- Problem to work on: Print only the lines from the top of the data through the line with "Modern custom orange", both included, skipping every picture.

- Records supplied:
■ ■ ■ ■ ■
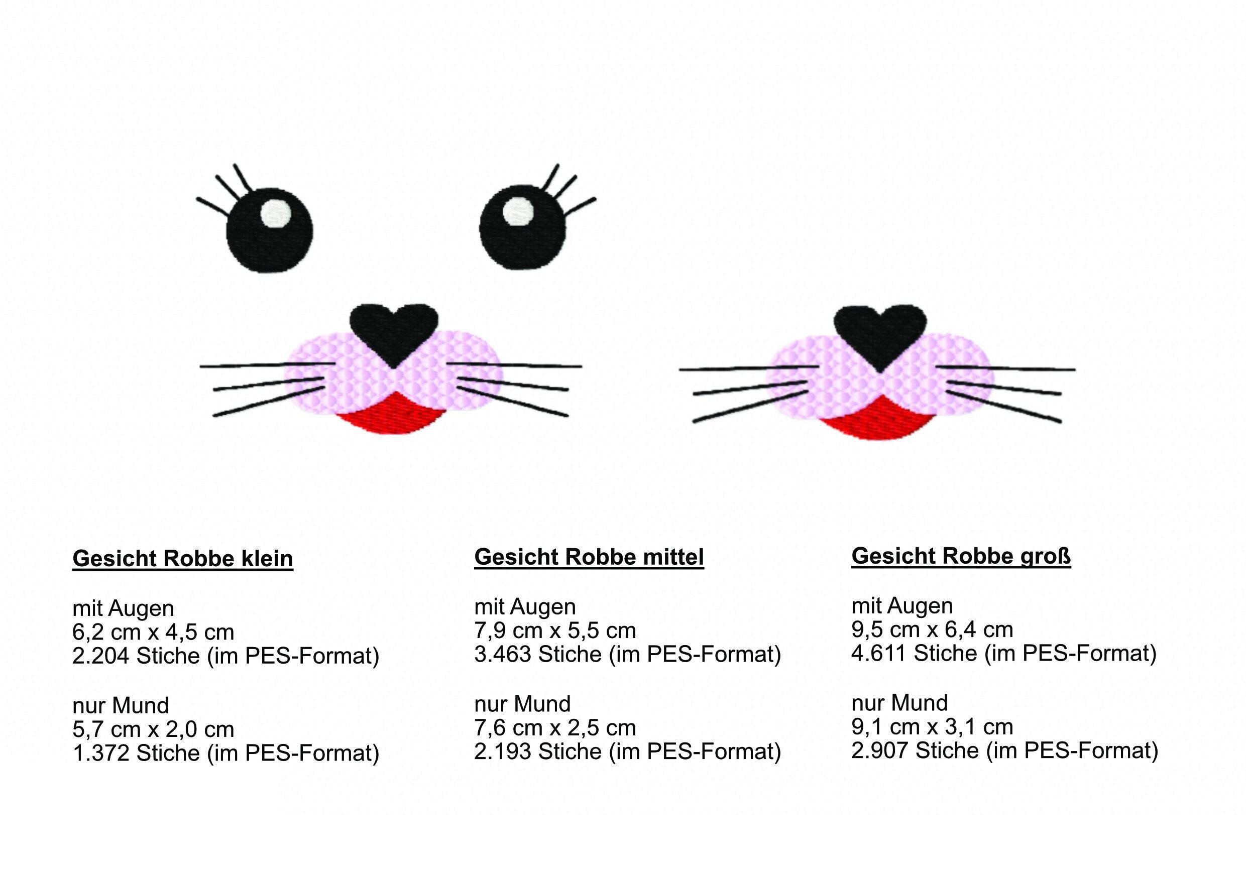 Stickdatei Gesicht Robbe in zwei Varianten und drei Größen
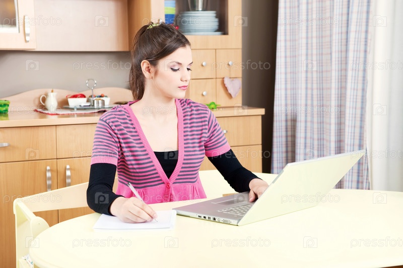 Красивая девушка обучается на дому
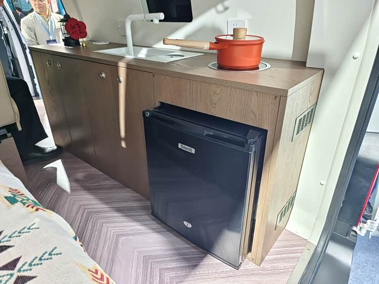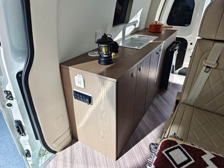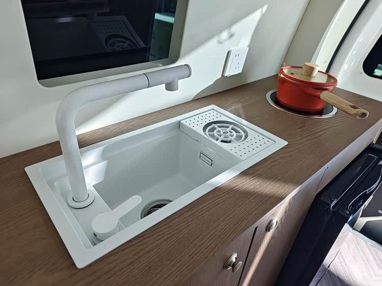 车内右侧的水槽和电磁炉,宿营的时候可以在这里进行简单的烹饪。
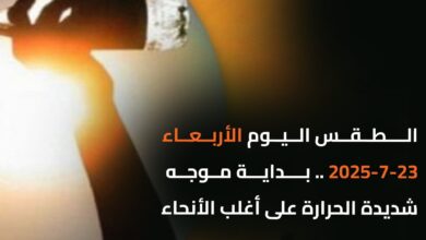 كتب – محمود راغب تتوقع الهيئة العامة للأرصاد الجوية، أن يشهد اليوم الأربعاء 23 يوليو، بداية موجة شديدة الحرارة على…
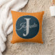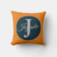 Modern custom orange Light greay ocean blue Monogram throw pillow
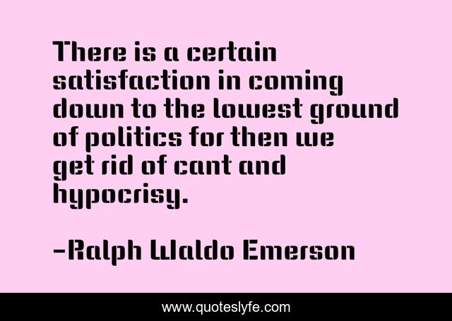 This page presents the quote "There is a certain satisfaction in coming down to the lowest ground of politics for then we get rid of cant and hypocrisy.". Author of this quote is Ralph Waldo Emerson. .
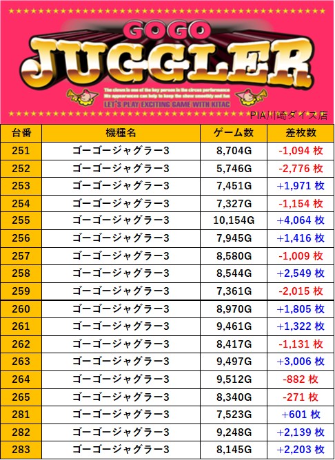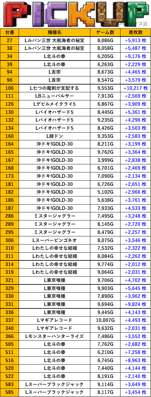 神奈川PIA川崎ダイス店 過去の取材結果はこちら 取材日 2025年7月26日(土) 並びの人数 抽選103名 / 一般133名 内容 スロミュー七福神 応援ホール マル特レポートスマスロ マル特レポート華光 L麻雀物語 LガンダムSEED L戦国乙女4 Lゴッドイーターリザレクション Lからくりサーカス LToLOVEる トランスver ゴーゴージャグラー3 Pickup箇所 その他Pickup箇所 過去の取材結果はこちら
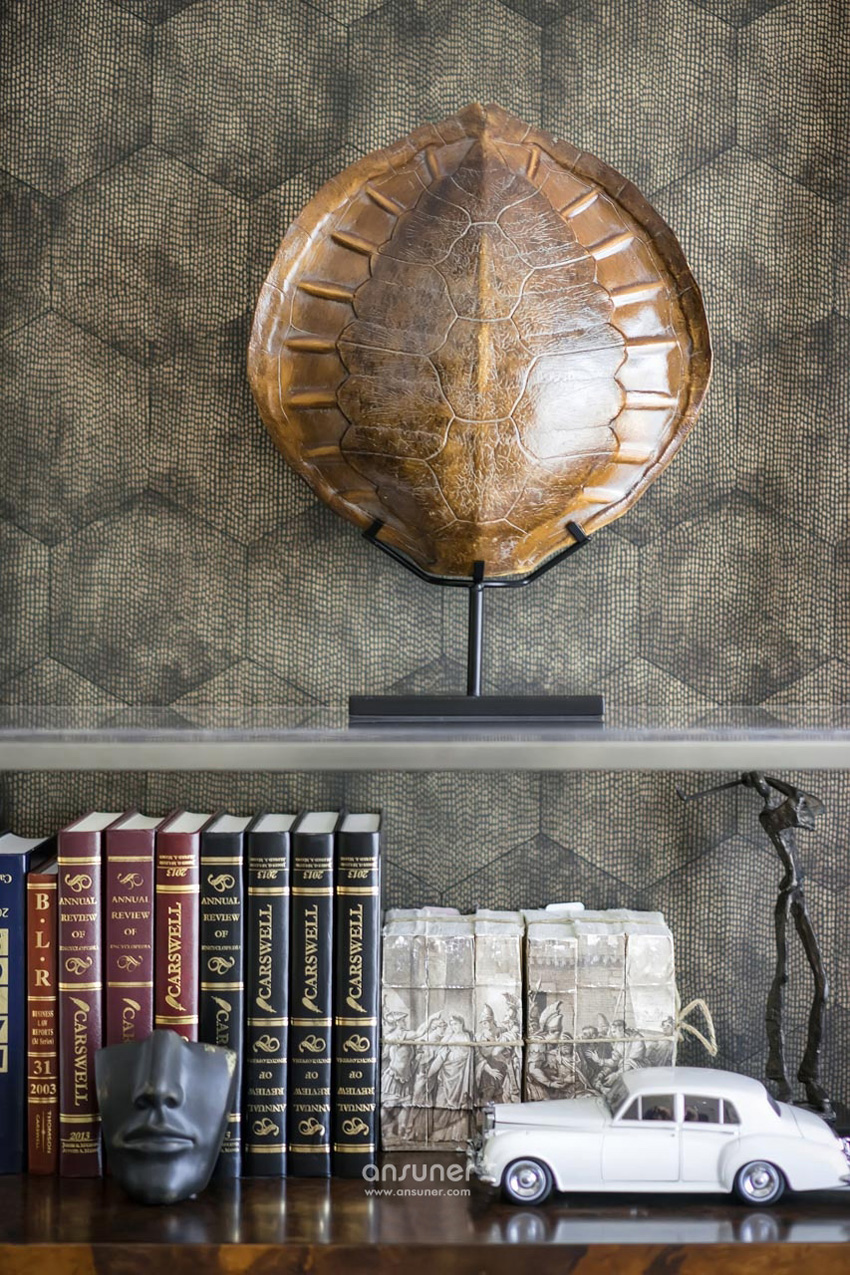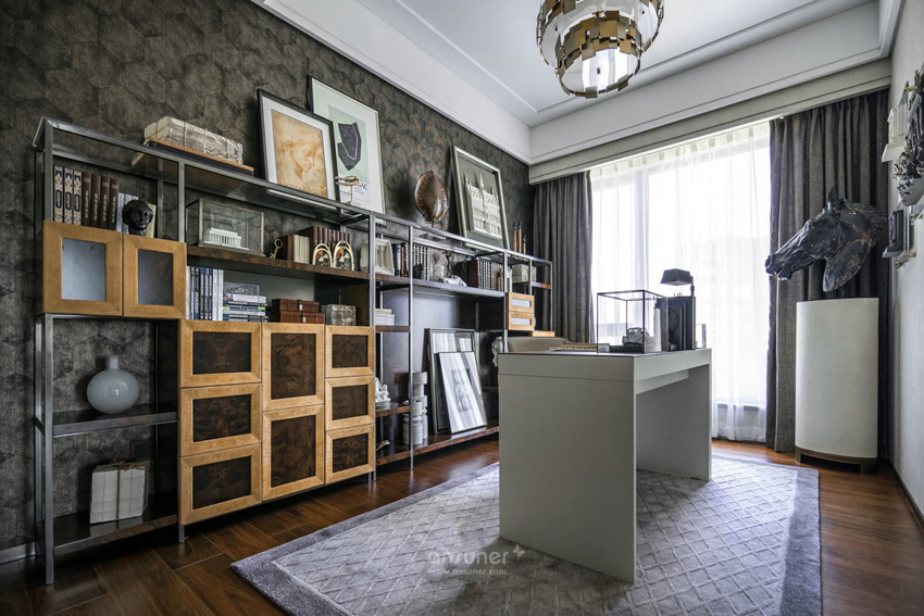 书房以男主人从世界各地带回的艺术品为情景,设计在此,塑造出对居者过往生活的追溯和守望,让这里有故事可讲,有心境可追寻。
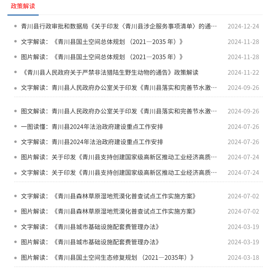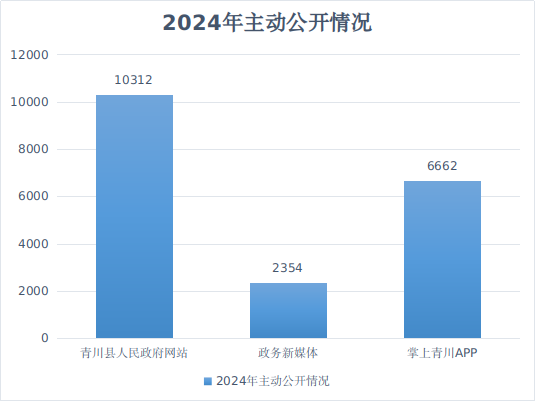 2024年,青川县政府门户网站公开各类信息10312条,其中,工作动态、公示公告、人事及招考等基本领域信息6485条;优化营商环境及就业创业、教育、医疗、养老等重点领域信息3476条。公开政府文件43个,发布政策解读25个。公开财政预决算和“三公”经费信息315条。更新发布2024年权责清单,公开行政执法信息265条,公开行政事业性收费和政府性基金目录清单,公开公共资源交易领域信息613条。及时准确公开县政府重要会议20条,通过县政府门户网站对重大行政决策发布民意征集10条,采纳意见建议5条。全县政府系统政务新媒体发布信息2354条,“掌上青川”APP发布信息6662条。
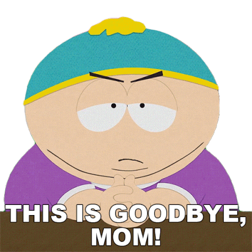 Cartman from South Park dramatically says "This Is Goodbye, Mom!" with an angry and determined expression.
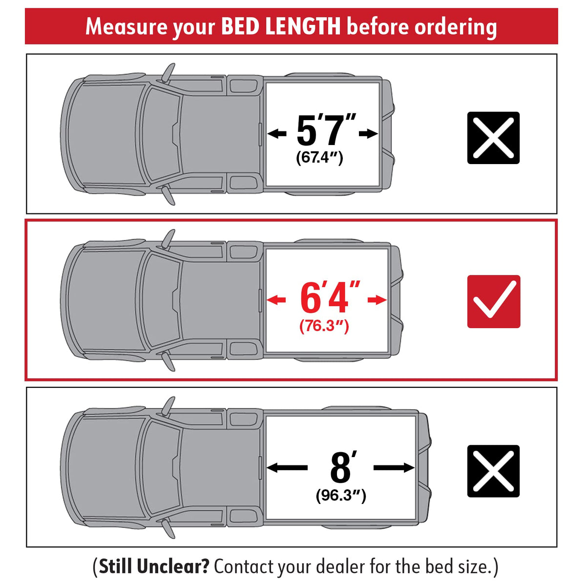 This soft roll up truck bed tonneau cover is manufactured from top quality materials in the industry and designed for easy no-drill installation. Not only will the customized fitment of this bed cover allow your vehicle to look sleek and stylish but the roll up style will maximize your access to the bed space.FITMENTBed Size: 6'4'' (76'') BedCompatible with 2009-2018 Dodge Ram 1500Compatible with 2010-2024 Ram 2500 3500Compatible with 2019-2024 ClassicNot Compatible with models with RamBoxCab size does not matter as long as you have the correct model and bed size.
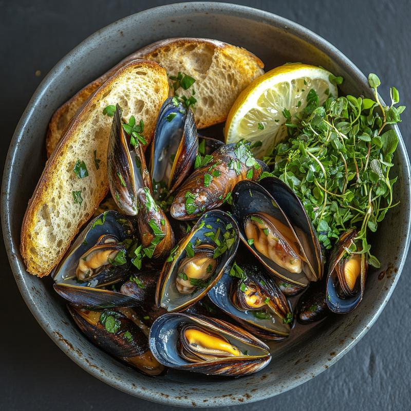 Sugerencia: Prepara mejillones a la marinera con tomate y vino blanco.
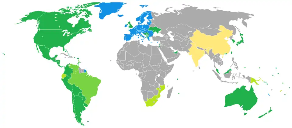 - ^ Except Brazil, Georgia, Kosovo and Venezuela.
■ ■ ■ ■ ■
- Task solution:
 Stickdatei Gesicht Robbe in zwei Varianten und drei Größen
 Красивая девушка обучается на дому
 车内右侧的水槽和电磁炉,宿营的时候可以在这里进行简单的烹饪。
 كتب – محمود راغب تتوقع الهيئة العامة للأرصاد الجوية، أن يشهد اليوم الأربعاء 23 يوليو، بداية موجة شديدة الحرارة على…
 Modern custom orange Light greay ocean blue Monogram throw pillow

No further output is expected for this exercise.